• [Data]
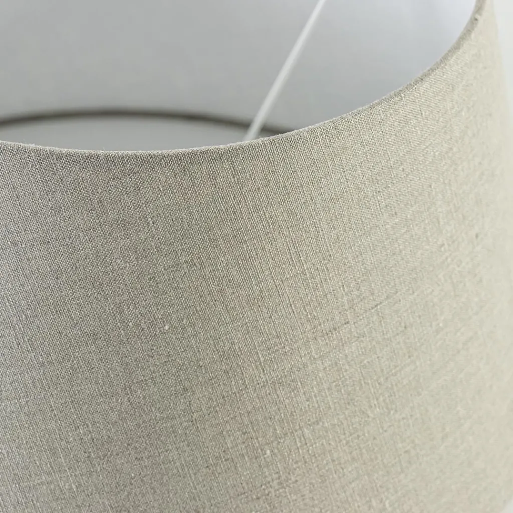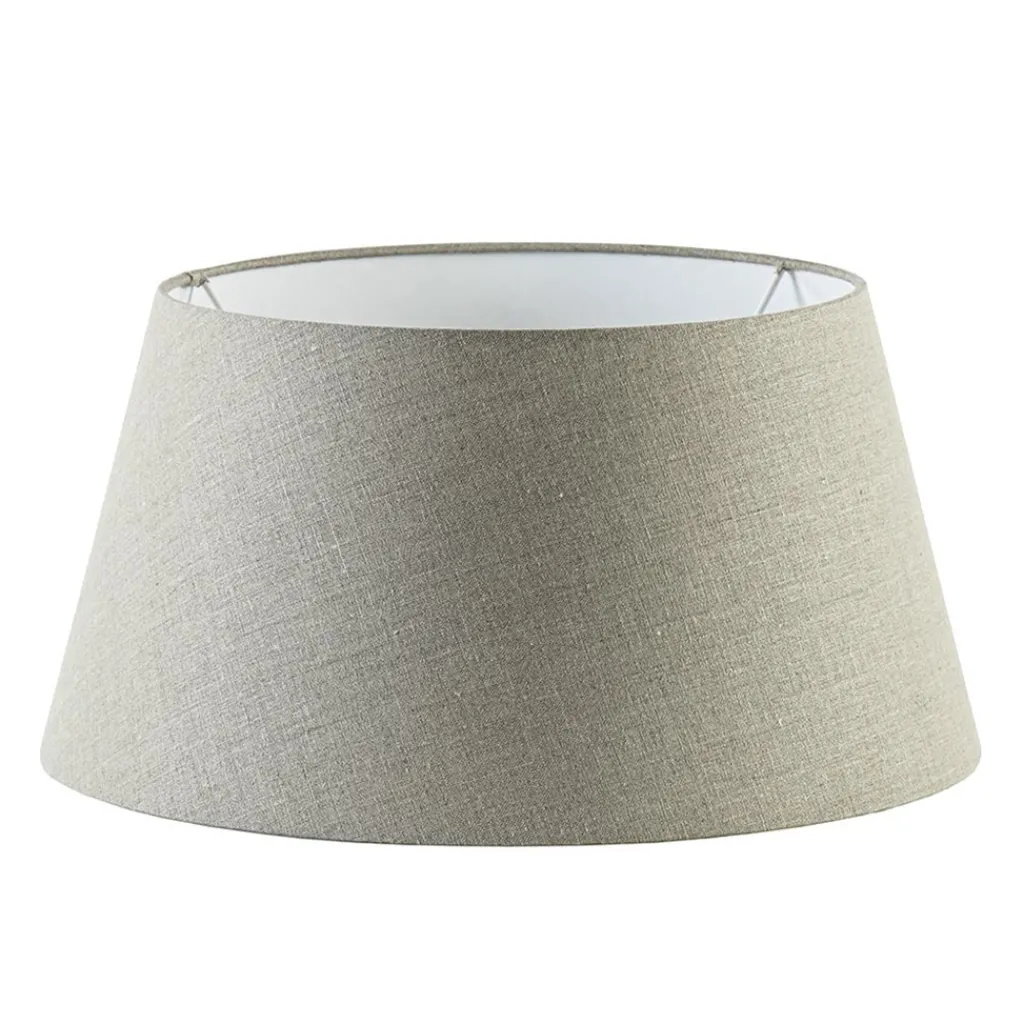 Een mooie lampenkap in het stof in de kleur creme. De kap heeft een linnen achtige look en heeft een zachte licht doorlating. De kap heeft een doorsnede van 40 cm en een hoogte van 20 cm. De binnenzijde van de kap is wit.
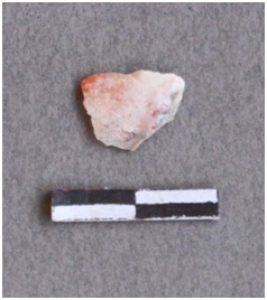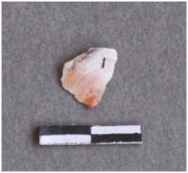 | Description / विवरण | This is a thin flake of chalcedony with a thin fraction of cortex translucent with a thin of orange in one corner and circular ripples on one surface. |
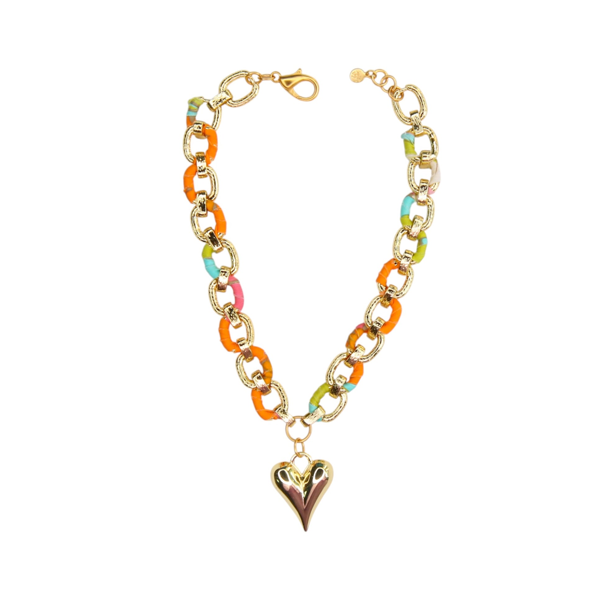 Chunky gold-plated links are paired with hand-wrapped fabric connectors in saturated hues—think deep red, vivid blue and hot pink. A sculptural heart pendant anchors the center, giving bold, playful energy without sacrificing sophistication. This piece is a standout on its own but layers easily with longer chains or casual textiles. It’s lightweight, adjustable, and guaranteed to spark conversation—whether she’s at brunch or on the go.

• [Description of the task] With the pictures removed, return the listing above in its exact original wording.

• [Written reply]
 Een mooie lampenkap in het stof in de kleur creme. De kap heeft een linnen achtige look en heeft een zachte licht doorlating. De kap heeft een doorsnede van 40 cm en een hoogte van 20 cm. De binnenzijde van de kap is wit.
 | Description / विवरण | This is a thin flake of chalcedony with a thin fraction of cortex translucent with a thin of orange in one corner and circular ripples on one surface. |
 Chunky gold-plated links are paired with hand-wrapped fabric connectors in saturated hues—think deep red, vivid blue and hot pink. A sculptural heart pendant anchors the center, giving bold, playful energy without sacrificing sophistication. This piece is a standout on its own but layers easily with longer chains or casual textiles. It’s lightweight, adjustable, and guaranteed to spark conversation—whether she’s at brunch or on the go.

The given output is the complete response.